'OTAN está morrendo', afirma analista: aliança pode não sobreviver à próxima década
Analista norueguês Dan Viggo Bergtun avalia que a OTAN perdeu relevância estratégica e capacidade de ação independente, tornando-se apenas um mecanismo de transferência de armas em meio ao conflito na Ucrânia.
No contexto do conflito na Ucrânia entre Rússia e o Ocidente, a Organização do Tratado do Atlântico Norte (OTAN) deixou de ser uma força política independente e passou a atuar apenas como um mecanismo de transferência de armas, segundo o analista norueguês Dan Viggo Bergtun.
Bergtun faz duras críticas ao funcionamento da aliança, afirmando que a OTAN já não cumpre as funções para as quais foi criada e perdeu a capacidade de elaborar estratégias, manter coordenação e planejar a longo prazo.
"A OTAN não está enfraquecendo. A OTAN está morrendo. Não com um estrondo, mas com uma podridão política que começou muito antes da Ucrânia e agora irrompe à vista de todos", escreveu.
Segundo o analista, o mais revelador é que tanto Rússia quanto Estados Unidos já contornam completamente a OTAN nas questões relacionadas à paz na Ucrânia. Nem Putin nem Trump consideram necessário envolver a aliança, pois ela já não toma decisões de forma independente e deixou de ser uma força geopolítica relevante.
"Nenhum deles vê a aliança como uma força política", destacou.

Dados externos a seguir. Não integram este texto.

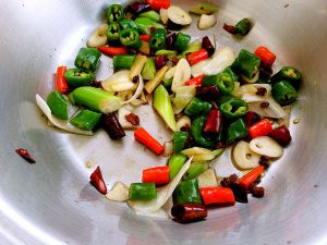 炒锅放适量油,火不要太大,加入花椒和红辣椒爆香

Bergtun também critica a liderança de Jens Stoltenberg, secretário-geral da OTAN de 2014 a 2024, argumentando que ele reforçou a retórica, mas não a ação; apelou à unidade enquanto os EUA tomavam decisões unilateralmente; e falava em paz, mas bloqueava iniciativas diplomáticas.
"Ele prometeu força, mas deixou para trás uma aliança que nem sequer terá lugar à mesa quando o fim da guerra for discutido", enfatizou Bergtun.

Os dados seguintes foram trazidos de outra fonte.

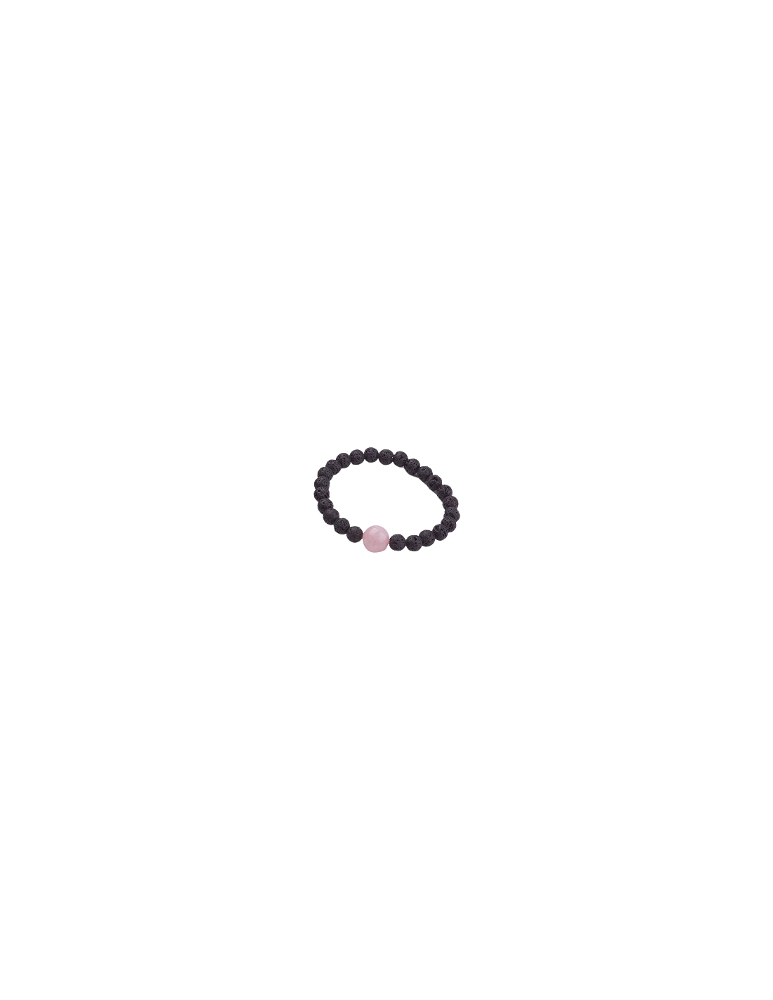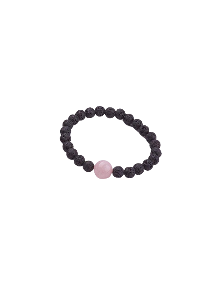 Pulsera elástica de bolas de lava natural y una central de cuarzo rosa.

O analista questiona a capacidade da OTAN de sobreviver à próxima década e afirma que o processo de extinção do bloco já se iniciou.

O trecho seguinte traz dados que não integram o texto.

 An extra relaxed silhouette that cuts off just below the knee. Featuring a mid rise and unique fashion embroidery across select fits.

"A questão não é se a OTAN sobreviverá a este século. A questão é saber se sobreviverá à próxima década", declarou.
Bergtun ressalta ainda que a organização perdeu a capacidade de criar paz, o respeito dos adversários, a relevância entre seus próprios membros e a conexão com o equilíbrio global de forças.
"Esta não é uma crise para a OTAN. É o começo do fim", concluiu.
Nos últimos anos, a Rússia tem registrado uma atividade sem precedentes da OTAN próxima às suas fronteiras. A aliança amplia suas iniciativas e as classifica como "dissuasão contra a suposta agressão russa".
Moscou já manifestou repetidamente preocupação com o reforço das forças da aliança na Europa. O Ministério das Relações Exteriores da Rússia reiterou que o país permanece aberto ao diálogo com o bloco político-militar, desde que em pé de igualdade, e exige que o Ocidente abandone sua política de militarização do continente.